Rassische Politik war in den 1990ern nicht jene allgegenwärtige Obsession, die sie heute ist, aber es gab drei große Stories in den 90ern, die eine schwere rassische Schlagseite hatten: Das Rodney King Video [weiße Polizisten schlugen und traten darauf einen schwarzen Kriminellen; d. Ü.] und die anschließenden Unruhen in Los Angeles, die Entstehung von Rap-Musik und der Hip-Hop-Kultur und die O. J. Simpson Prozesse. Von diesen drei war der O. J. Prozess die mit den wenigsten Auswirkungen, aber gleichzeitig der höchsten Wirkung als Rote Pille [Metapher aus dem Film Matrix; Wer die Rote Pille schluckt, sieht die Lügenwelt, die um ihn herum ist; d. Ü.].
Ich könnte verstehen, wieso die intensiven Bilder des Rodney King Videos emotionale oder gewalttätige Antworten provozieren und man könnte auch verfechten, dass Rap-Musik realitätsferner Spaß war. Aber ich könnte bei meinem Leben nicht so weit gehen, zu feiern, einen offensichtlich schuldigen Mann frei herumlaufen zu sehen.

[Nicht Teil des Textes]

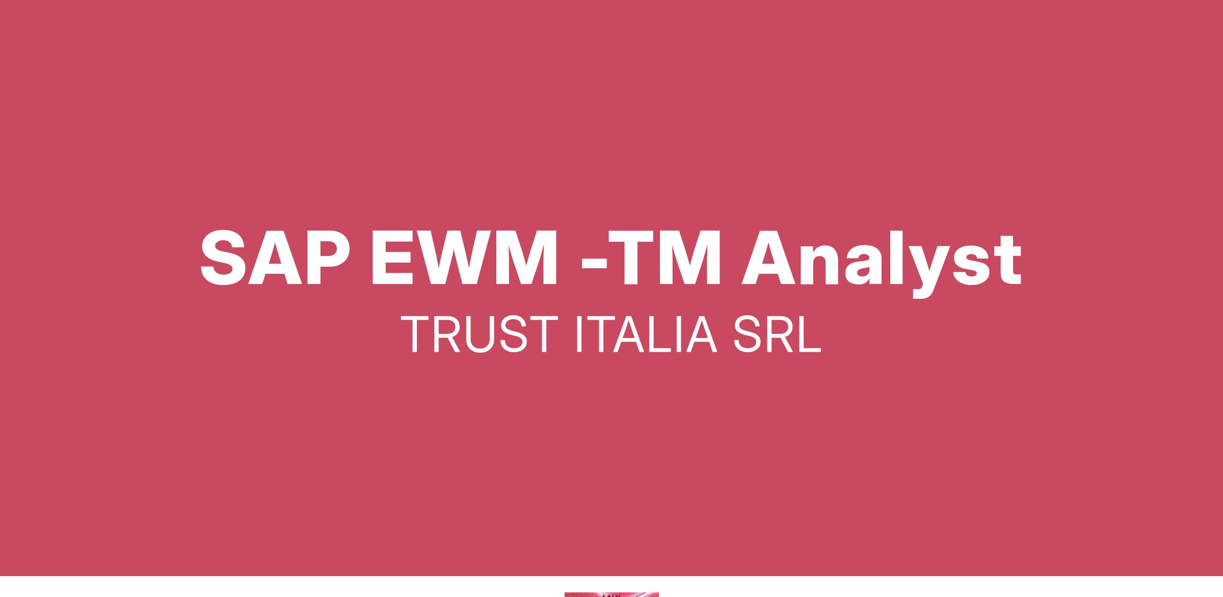 Trust Italia Srl è una società di consulenza informatica nata da professionisti del settore di decennale esperienza offre soluzioni globali per l’informatica negli ambienti web e non solo. Soluzioni che sono il punto d’incontro tra un ampio bagaglio di competenze progettuali e le più avanzate metodologie di sviluppo. Genera valore nelle aziende fornendo soluzioni in grado di far funzionare il loro business. Trust Italia ha un forte Know How in ambito bancario / Assicurativo nonché è fortemente legata allo sviluppo di applicativi custom per tutti gli altri settori tra cui : Servizi, Oil&gas, Sanità. Attualmente stiamo cercando: 1 SAP EWM TM Analyst Disponibilità immediata e/o a breve.

Um Videos zu sehen, wie Schwarze auf das O.J. Simpson-Urteil reagieren, kann man hier, hier oder hier klicken.
Die Zuwendung des Schwarzen Amerikas für einen offensichtlichen Mörder, ohne jedes Schwanken, war etwas, das das liberale Narrativ nicht erklären konnte. Es gab nur zwei mögliche Erklärungen für dieses Phänomen und beide ängstigten weiße Menschen bis ins Mark: Entweder waren Schwarze dumm oder Schwarze waren Lügner.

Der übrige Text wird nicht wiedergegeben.